We see hippopotamus in the river; warthogs; more baboons; several of the 2,800 bird species in Botswana (my favourite: the colourful, Lilac Breasted Roller). We chance upon a group of giraffes in a field munching from the Zambezi teak trees – and it feels surreal.
Day three in Botswana dawns and we meet Cavin over a gourmet breakfast at our lodge.
I’m wearing a black and white polka dot head scarf which I want to check with Cavin is within the safari dress-code.
I’m reassured it’s fine – better, he tells me, than my white shirt I wore yesterday! I didn’t realise I’d make a safari fashion faux-pas, but as Cavin explains, white IS a bright colour that animals can see. The idea is to blend into the vehicle and the grass, which is why neutral and khaki are the go-to safari colours.
So, white is not alright – but what Cavin doesn’t understand is that in my wardrobe of rainbow colours, white IS a neutral colour! However, I heed Cavin’s expert advice and my white shirt with my Grace Kelly vibe doesn’t make another appearance on safari. Tip for future safari-goer’s: save white for the lodge only or leave it at home.
Our drive today reveals even more wondrous wildlife experiences that leave us pinching ourselves.
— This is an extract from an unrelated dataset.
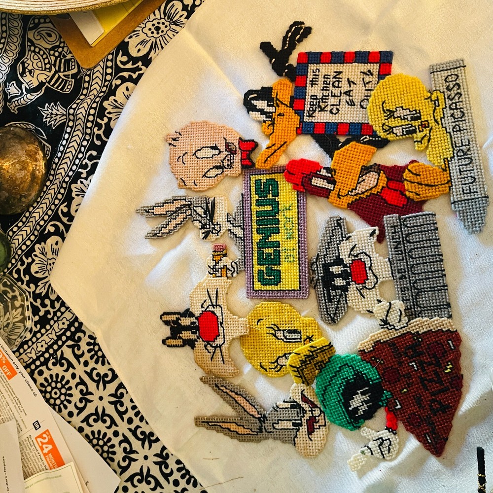 10 Magnets. Fun handmade. Largest measures 5.5" x 6". Smallest measures 3" x 3". Many are dirty and could use a cleaning. Fun wording. Please use pictures as an inclusive part of the description. Colors can vary on monitors. Sold as shown. Happy to combine shipping with other items currently listed. We are celebrating 25 years on eBay and are happy to offer many varied items for collectors and consumers alike. New items listed daily.

We find more giraffes in another field, this time a pair mate before our very eyes. Don’t blink, or you’ll miss it. We also come across a pair of lions mating during breeding season – keeping a respectful distance, we watch in silence.
Later, on our sunset drive, we find another male lion with his entire pride. The experience was incredibly moving and I’ve written a detailed account about that emotional moment here.
On our final morning in Botswana, wearing my father’s vintage cravat and wondering how Cavin is going to possibly top all that we had seen, we find a field of zebras accompanied by a wilderbeast, a warthog and water buffalo. Their black and white stripes glisten in the sunshine against the green reeds.
As I’d been warned, Africa has got under my skin and this adventure of seeing multitudes of wildlife in their natural habitat has changed me profoundly.
I think of Liz and Richard all loved up here, bunkering away from the press; and Prince Harry as a young boy taken here just weeks after the death of his mother, Princess Diana, by the founder of Abercrombie & Kent, Geoffrey Kent.
It all makes sense – Botswana is the kind of place you lose yourself, only to find yourself again.